I've never used a Husqvarna, but from what I've heard, they are nice machines. She didn't post any pics, but I'm guessing it must be like brand new. Knowing it's been sitting for so long, I'm pretty sure it will need a new carb kit and fuel lines. Probably that's about it.

I live in Pittsburgh, where we rarely get huge snowfalls. So I'm a bit hesitant to buy this machine b/c I don't know if it will sell. 5-8 hp units seem to be the way to go. This one is 11hp. It's a beast!

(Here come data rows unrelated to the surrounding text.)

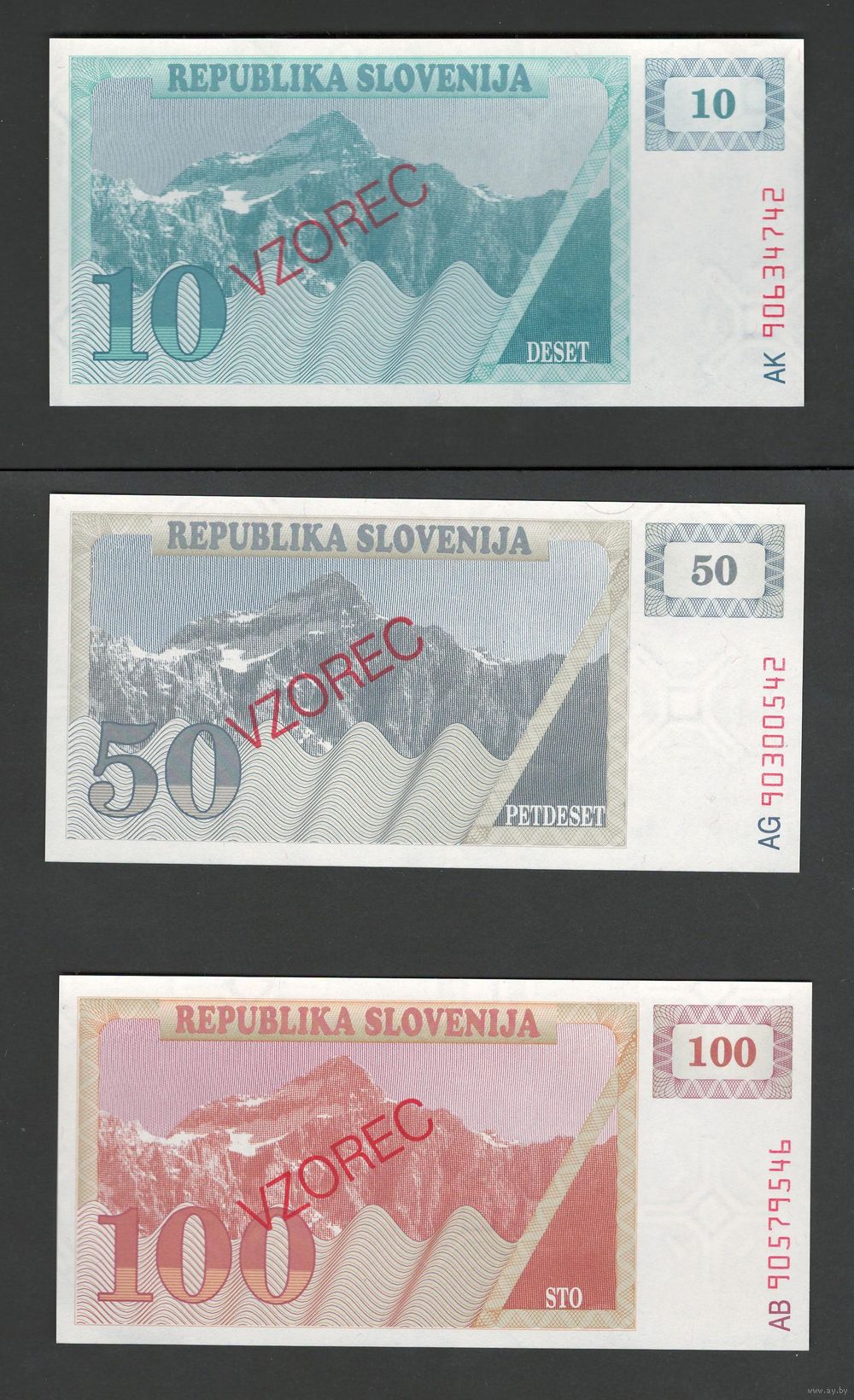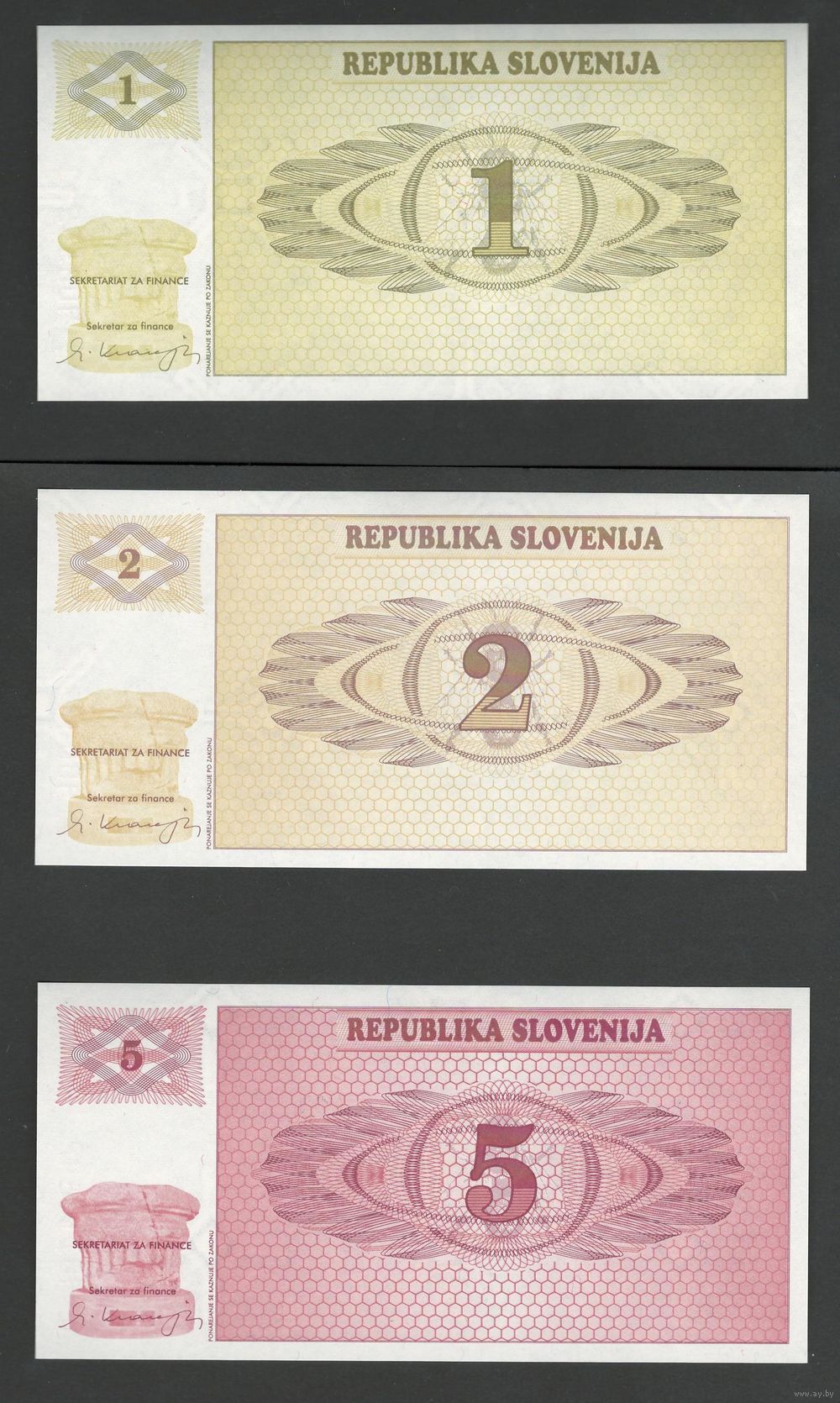 Словения набор банкнот от 1 до 100 толар 1990 года. Образцы. Типы Р-1,Р-2,Р-3,Р-4,Р-5,Р-6. Состояние UNC
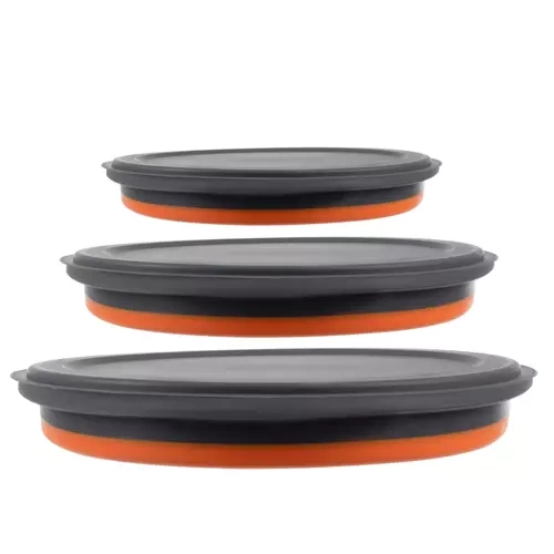• SPECYFIKACJA – kolor: szaro-pomarańczowy; materiał: silikon / tworzywo sztuczne; temperatura użytkowania od -10? do 80?; pojemność w litrach: mały: 0,4 l, średni: 0,85 l, duży: 1,65 l; wymiary: rozłożony mały: 12 x 6,5 cm; złożony: 12 x 2,5 cm, rozłożony średni: 15 x 7,5; złożony 15 x 3,5 cm, rozłożony duży: 19 x 8,5 cm; złożony 19 x 3,7 cm; waga: 306 g; waga w opakowaniu: 308 g.
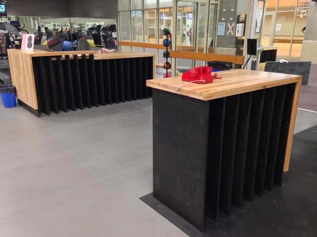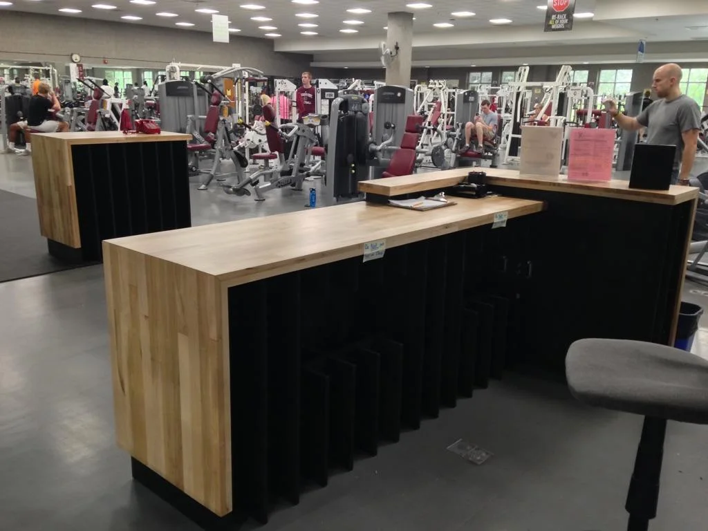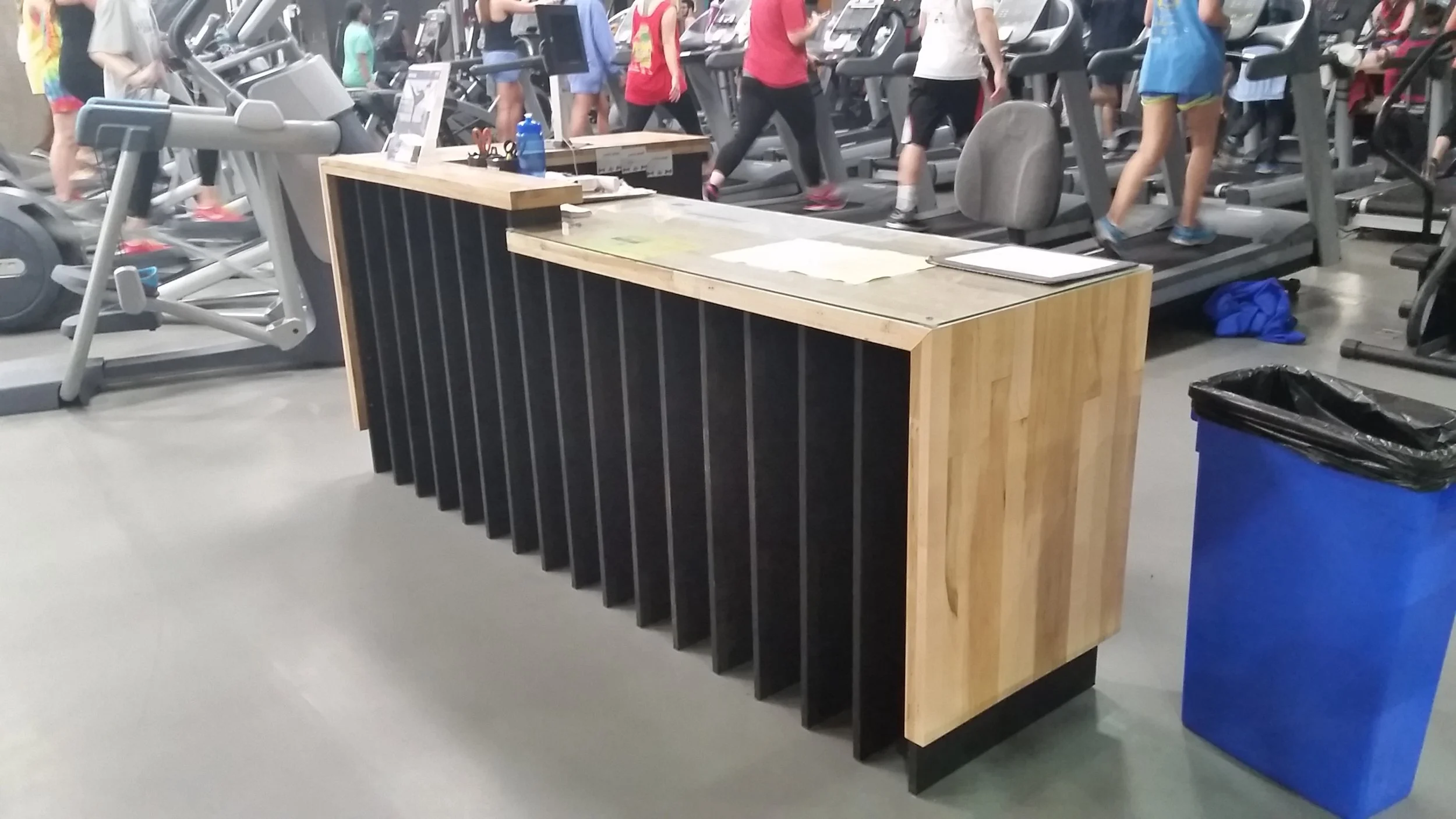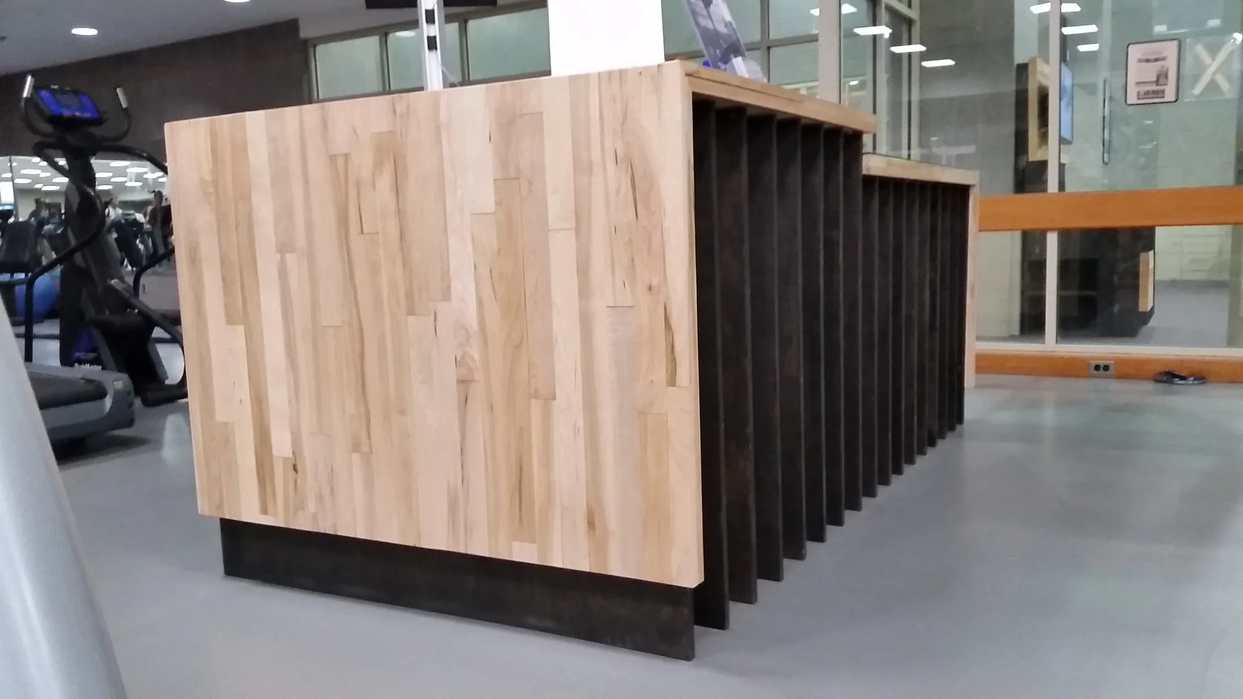 Alpha Rho Chi communicated with the Mississippi State Gymnasium and received the opportunity to design and build a reception desk for their weight room. Given the constraints and deadline the clientele wanted, we came up with a design that incorporated weight lifting bars for structural support and to tie everything together as well as using the old basketball court floor to create a waterfall counter top. Evenly spaced slits give enough room for storage as well as kick space for customers.

So for $150, if it looks clean...do you think I should pull the trigger and get it? Any other concerns?

Thanks,

Jeff


----------



## Relli1130

Anyone? General thoughts on Husqvarna?...


----------



## YSHSfan

I used to have a brand new Husqvarna 1830 wheeled unit. It came with the auger housing somewhat twisted, they replaced it with a newone, but still one skid was higher than the other. I had it for a winter and sold it at the end of it. I did not like the way it moved, most of the time it pulled for one side.
On the other hand if the information is accurate on the blower, I'd buy it for $150 for a resale I think you have room for a profit. Just make sure that you check what you can before you pick it up. :smiley-confused009: :smiley-confused009: :smiley-confused009:


----------



## Relli1130

Got it for $100. super clean. Hoping it just needs a carb cleaning.


----------



## YSHSfan

It looks very clean, I think you did very good. :smiley-confused009: :smiley-confused009: :smiley-confused009:


----------



## PixMan

Wow. Nice condition for $100!

You'll love it. Because it may be an AYP era machine, just stay on top of maintenance and you'll be fine. Go around it every now & then and retighten every nut & bolt on it. That is what led to the downfall of my 10530SBE. It just shook itself apart. If the previous owner and I had paid attention to that I might still have the machine.


----------



## Drift-King

Looks like you "stole" it. Great find.


----------



## micah68kj

You''ll have *no problem* selling it for $500.00. As soon as you get it all set up, the oil changed, belts, skid shoes adjusted and etc. Post it on Cl and it'll sell. You may want to wait till the end of the month (sept).


----------



## 43128

you definetley stole it. those are some of the best big box machines you can get next to ariens and toro models


----------



## GoBlowSnow

WOW that thing is beautiful!!


----------



## bullgod

post it up in the north states get more for it then 500.. easy 1000 to 1500 machine ...


----------